Настя снова повернулась к окну, она боялась выдать своё волнение. Загадочность особиста и раньше её занимала, но того, что он и не русский, и не немец, и не англичанин, постигнуть не могла. Беспокоила неясность ситуации, беспросветная темень, в которой они с Пряхиным находились.
Она решила открыть карты Владимиру. Тогда станет яснее, что надо делать.
Проходя но коридорам и комнатам Боденского замка, Кейда встречала группы офицеров и штатских молодых мужчин. Они сновали здесь как во время званого обеда или в перерыве делового совещания. Пиджаки на штатских были грубошёрстные, висели мешками, но при всём этом было в них что-то недоступное, барски спесивое и надменное. На пальцах у них сверкали крупные бриллианты, изумруды и сапфиры мерцали в запонках и галстучных заколках. Они и ходили, и говорили, и поворачивались друг к другу как-то вяло, неохотно, точно в замедленной киносъёмке. Ацер их громко приветствовал, — впрочем, не по-нацистски, а как-то по своему и со своим швейцарским акцентом, но не все с ним даже поздоровались. Появление Кейды тоже встретили своеобразно: все вдруг замолчали, впились в неё взглядом и затем долго, после того, как она прошла, возвращались к своему обычному состоянию.
Все тут знали, что Кейда — кузина Ацера и что она будет наследницей умершего генерала Функа, поскольку молодой барон, как они считали, наверняка сломит шею на восточном фронте. Старший сын барона, лётчик, погиб, — об этом тоже знали все.
Они прошли коридорчик и долго петляли по лабиринту узких мрачноватых помещений, пока не очутились в круглом зале, тоже будто бы нежилом, но хорошо освещённом, с портретами на стенах, с круглым столом посредине и высокими, из чёрного дерева креслами.
После зала вновь начался лабиринт со стенами из серого камня. Этот подвальный, нежилой вид замков не удивлял Кейду: немцы, во всём рациональные и бережливые, не тратили сил и средств на убранство бесчисленных вспомогательных помещений.
В конце длинного перехода они упёрлись в стену, в середине которой Кейда не сразу разглядела высоченную и массивную двухстворчатую дверь с блестевшими бронзовыми ручками. За многие годы дубовые створки почернели, приняв цвет державшей их каменной стены.
Ацер просунул руку в нишу, послышался звон пружин, щелчков и ударов, после чего дверь открылась. В небольшой, роскошно убранной комнате их ждала Патриция.
Анчар обнюхал Патрицию, потом принялся обследовать ковёр, углы, древний посудный шкаф и всё прочее.

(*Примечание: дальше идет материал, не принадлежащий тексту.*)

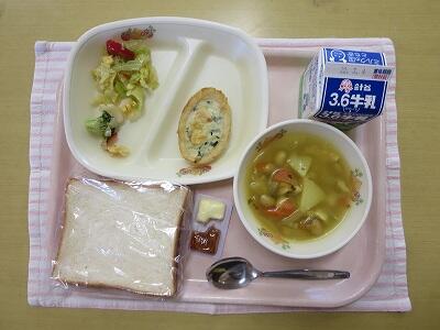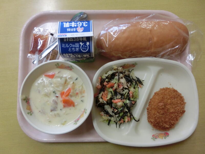コッペパン、キャラメルパテ、牛乳、県産豚肉コロッケ、小袋ソース、豆とひじきのサラダ、ホタテチャウダー

Видимо, его удовлетворили царящие здесь запахи, он отошёл к двери и сел на задние лапы в выжидательной позе. Пёс бдительно наблюдал за Ацером, — видимо, в нём он чувствовал потенциальную опасность для своей хозяйки.
Ацеру Анчар тоже не нравился, полковник дважды пытался разъединить хозяйку и дога, но оба раза Кейда решительно воспротивилась этому. Нет, она даже на минуту не расстанется со своим телохранителем. В последнее время Кейда не расставалась не только с красавцем-догом — подарком судьбы, но и с подарком генерала Функа — маленьким кинжалом с серебряной ручкой и пистолетом с золотыми щёчками. С таким арсеналом она чувствовала себя увереннее. Здесь же, в огромном Боденском замке она и совсем не испытывала тревоги, — Ацер, по всем расчётам, не был заинтересован в её гибели; напротив, полковник возлагал на неё какие-то свои надежды.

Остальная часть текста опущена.